INFORMATION:
=== Begin Enclosure ===
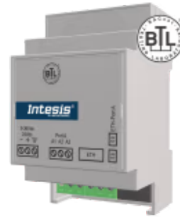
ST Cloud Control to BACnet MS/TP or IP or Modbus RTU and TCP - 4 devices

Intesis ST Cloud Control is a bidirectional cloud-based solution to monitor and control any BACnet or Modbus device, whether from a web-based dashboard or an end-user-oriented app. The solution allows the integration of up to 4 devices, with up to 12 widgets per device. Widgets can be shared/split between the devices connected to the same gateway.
=== End Enclosure ===
=== Begin Enclosure ===
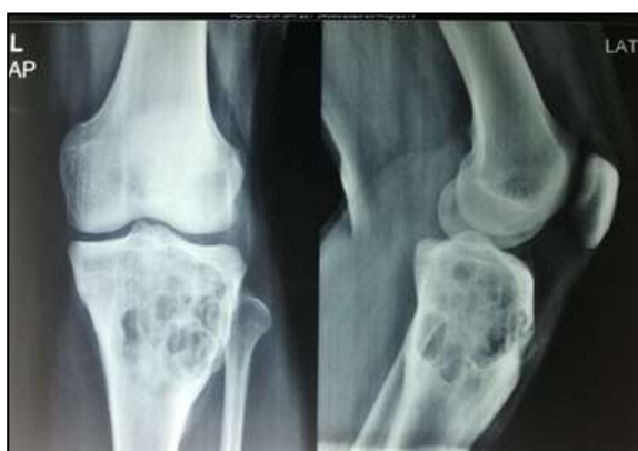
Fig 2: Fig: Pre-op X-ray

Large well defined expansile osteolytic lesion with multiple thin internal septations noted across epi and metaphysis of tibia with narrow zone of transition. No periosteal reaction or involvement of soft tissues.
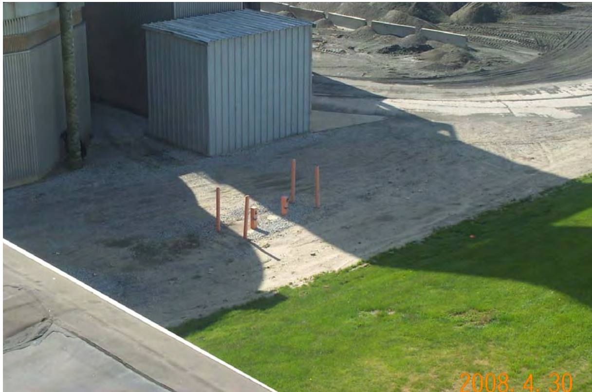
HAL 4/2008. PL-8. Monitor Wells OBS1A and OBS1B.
=== End Enclosure ===
=== Begin Enclosure ===
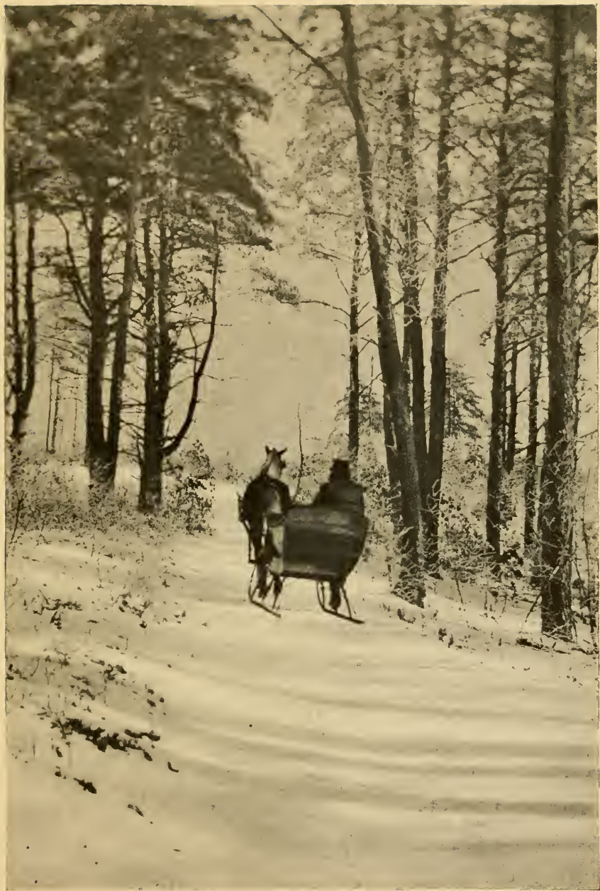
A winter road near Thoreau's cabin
=== End Enclosure ===
Your reply is to repeat, unchanged, the lines above running from the one with "ST Cloud Control to" up to and including the one with "Intesis ST Cloud".

ST Cloud Control to BACnet MS/TP or IP or Modbus RTU and TCP - 4 devices

Intesis ST Cloud Control is a bidirectional cloud-based solution to monitor and control any BACnet or Modbus device, whether from a web-based dashboard or an end-user-oriented app. The solution allows the integration of up to 4 devices, with up to 12 widgets per device. Widgets can be shared/split between the devices connected to the same gateway.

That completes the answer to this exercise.